Free cash flow for the quarter was $74.4 million, calculated as cash from operating activities of $71.5 million, minus capital expenditures of $12.1 million, plus $15.0 million related to the charitable fund contribution.

Total debt at September 30, 2009 was $102.3 million. Cash and cash equivalents were $287.6 million at the end of the quarter, resulting in net cash of $185.3 million.

During the quarter, the company repurchased 385,000 shares of common stock for $25.1 million.

Nine-Month Results

For the nine months ended September 30, 2009, the company recorded net income of $181.5 million, or $3.10 per diluted share, compared to $90.8 million, or $1.54 per diluted share for 2008. Excluding special items detailed in the reconciliation table below, net income for the first nine months in 2009 was $129.2 million, or $2.20 per diluted share, compared to $105.1 million, or $1.78 per diluted share, for the same period last year. For the nine months ended September 30, 2009, diluted earnings per share increased 101.3 percent over last year. Excluding special items, diluted earnings per share grew 23.6 percent.

Net sales for the first nine months of 2009 increased 5.0 percent to $974.7 million. Underlying sales growth was 11.4 percent, which excludes a $31.8 million negative impact from foreign exchange and $20.2 million reduction from discontinued products.

Domestic and international sales for the nine months were $415.4 million and $559.3 million, respectively.

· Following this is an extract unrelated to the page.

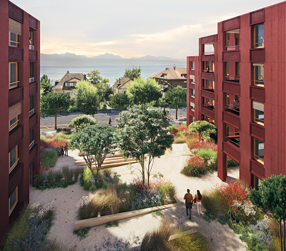 Der Ort ist an der Kantonsstrasse gelegen und ist durch eine Südlage mit Seesicht geprägt. Das bis anhin als Bürostandort genutzte Grundstück soll neu einem adäquaten Wohnen zugedacht werden. Den grossen Herausforderungen von Lärm und Aussicht wird mit drei gestuften Baukörpern begegnet, welche zum einen für alle Wohnungen eine gute Aussichtsituation schaffen, zum andern aber auch einen schönen Aussenraum mit klarer Adressierung bilden. Die vielspännig erschlossenen insgesamt rund 60 Wohnungen zeichnen sich durch fliessende Grundrisse aus, welche es immer wieder verstehen, den Bezug zur prägenden Landschaft herzustellen.

During the first nine months, the company repurchased 1.3 million shares of common stock for $79.6 million.

2009 Outlook

"Based on strong year-to-date results, we are increasing our full year sales guidance to between $1.305 and $1.325 billion for 2009 and we continue to expect to meet or exceed all of our previously stated financial goals," said Mussallem.

"Excluding special items, we estimate that fourth quarter 2009 diluted earnings per share will be between $0.82 and $0.86. For full year 2009, excluding special items, we are increasing the mid-point of our guidance for diluted earnings per share and our new range is $3.02 to $3.06, representing an annual growth rate of 18 to 20 percent."